Data Engineer
Location: Bangalore
Type: Full-time
Overview of the role
ARTPARK’s One-Health team tackles interconnected challenges in human, animal, and environmental health through collaborative and interdisciplinary efforts.
Working with city, state, and national governments, we support data-driven public health responses to endemic, epidemic, and climate-related threats through innovative solutions leveraging statistical and AI/ML-based approaches.
In this role, you will have the opportunity to engage with leading experts in disease modelling, climate-health systems, engineering, and public health, both nationally and internationally, in a dynamic and highly motivated environment.
Responsibilities
Integrate and structure data from diverse sources into a coherent, harmonised format ready for use by advanced computational models.
Develop and automate a robust, scalable data and ETL pipeline using cutting-edge technologies to ensure smooth data flow, reliability, and real-time processing.
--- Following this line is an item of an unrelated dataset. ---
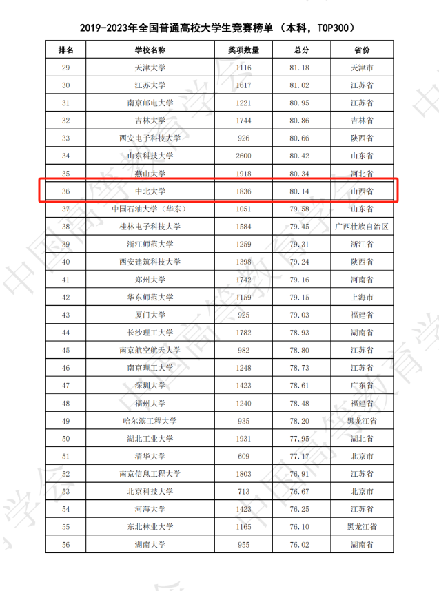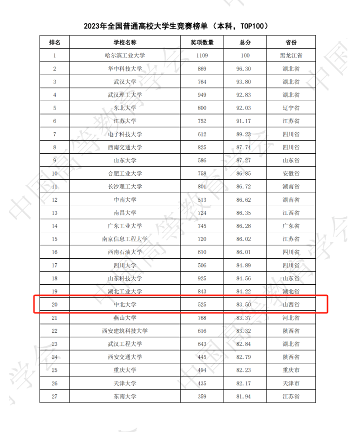 表现出色,以奖项数量525项,总分83.5分的成绩在2023年全国普通高校大学生竞赛榜单(本科,TOP100)中位列全国第20位,山西省首位。在2019-2023年全国普通高校大学生竞赛榜单(本科,TOP300)位列全国第36位。

Work with data analysts and computational epidemiologists to design and deploy simple, accessible, and scalable data access mechanisms and policies while ensuring strict data governance that complies with relevant laws and policies.
Engage in exhaustive data cataloguing and documentation for all data acquired from various sources and maintain a repository of the standards and processes used on the data
You will be responsible for streamlining the data flow so that computational and simulation modellers can easily access and utilise the data in their models without manual intervention.
Manage and handle different types of data, including spatiotemporal complex datasets - such as semi-structured and unstructured data, climate data, image datasets
Apply state-of-the-art data standardisation techniques, leveraging AI and machine learning, including large language models (LLMs), to convert unstructured and semi-structured data into clean, usable formats for production-grade models.
Requirements
Bachelor's in computer science, engineering, mathematics or related quantitative scientific discipline. A master's degree is preferred
3-5 years experience in similar roles.
Demonstrable experience in developing and implementing ETL pipelines.
Expertise in Data Engineering and Automation: Proven experience designing and implementing robust data pipelines using tools like AWS cloud services and Python. Working on and prior experience maintaining open source stacks is highly desirable
Expertise in Database Management and Data Modelling: Deep knowledge of database management, schema design, and data modelling. Working closely with the computational epidemiology team, you will design databases and structures that align with their requirements, ensuring the data is well-organised and ready for analysis.
Prior experience with AI and Machine Learning Integration is desirable but not required.
ARTPARK at IISc drives impact through innovations in AI & Robotics, by harnessing the best of research/academia, startups/industry, and government/nonprofits.
Our pioneering platform initiatives in language data & AI and health data & AI are driving national-scale impact with stakeholders such as MeitY’s Bhashini, Office of PSA, ICMR, States and Cities. At ARTPARK, you will work with the best researchers in the country and around the world in a strong data-driven environment and have the opportunity to address systemic issues and implement solutions.
These platforms are in pursuit of our vision – AI for All.